=== Begin Enclosure ===

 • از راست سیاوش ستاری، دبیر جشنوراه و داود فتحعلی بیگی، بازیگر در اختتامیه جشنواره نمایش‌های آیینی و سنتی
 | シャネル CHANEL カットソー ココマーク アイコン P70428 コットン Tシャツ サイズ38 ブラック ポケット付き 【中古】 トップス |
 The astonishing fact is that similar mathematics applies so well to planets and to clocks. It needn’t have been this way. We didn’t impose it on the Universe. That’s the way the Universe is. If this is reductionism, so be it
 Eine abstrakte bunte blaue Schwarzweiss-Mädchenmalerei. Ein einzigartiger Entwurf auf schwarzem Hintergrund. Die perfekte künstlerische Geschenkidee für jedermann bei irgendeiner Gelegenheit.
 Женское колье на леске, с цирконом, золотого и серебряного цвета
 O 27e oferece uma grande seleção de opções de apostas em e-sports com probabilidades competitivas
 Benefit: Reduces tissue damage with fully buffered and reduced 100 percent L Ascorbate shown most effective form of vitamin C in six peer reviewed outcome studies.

=== End Enclosure ===

• _WORK ITEM_
Please output exactly the lines from the one containing "The astonishing fact" through the end of the records, both included.

• _ANSWER BOX_
 The astonishing fact is that similar mathematics applies so well to planets and to clocks. It needn’t have been this way. We didn’t impose it on the Universe. That’s the way the Universe is. If this is reductionism, so be it
 Eine abstrakte bunte blaue Schwarzweiss-Mädchenmalerei. Ein einzigartiger Entwurf auf schwarzem Hintergrund. Die perfekte künstlerische Geschenkidee für jedermann bei irgendeiner Gelegenheit.
 Женское колье на леске, с цирконом, золотого и серебряного цвета
 O 27e oferece uma grande seleção de opções de apostas em e-sports com probabilidades competitivas
 Benefit: Reduces tissue damage with fully buffered and reduced 100 percent L Ascorbate shown most effective form of vitamin C in six peer reviewed outcome studies.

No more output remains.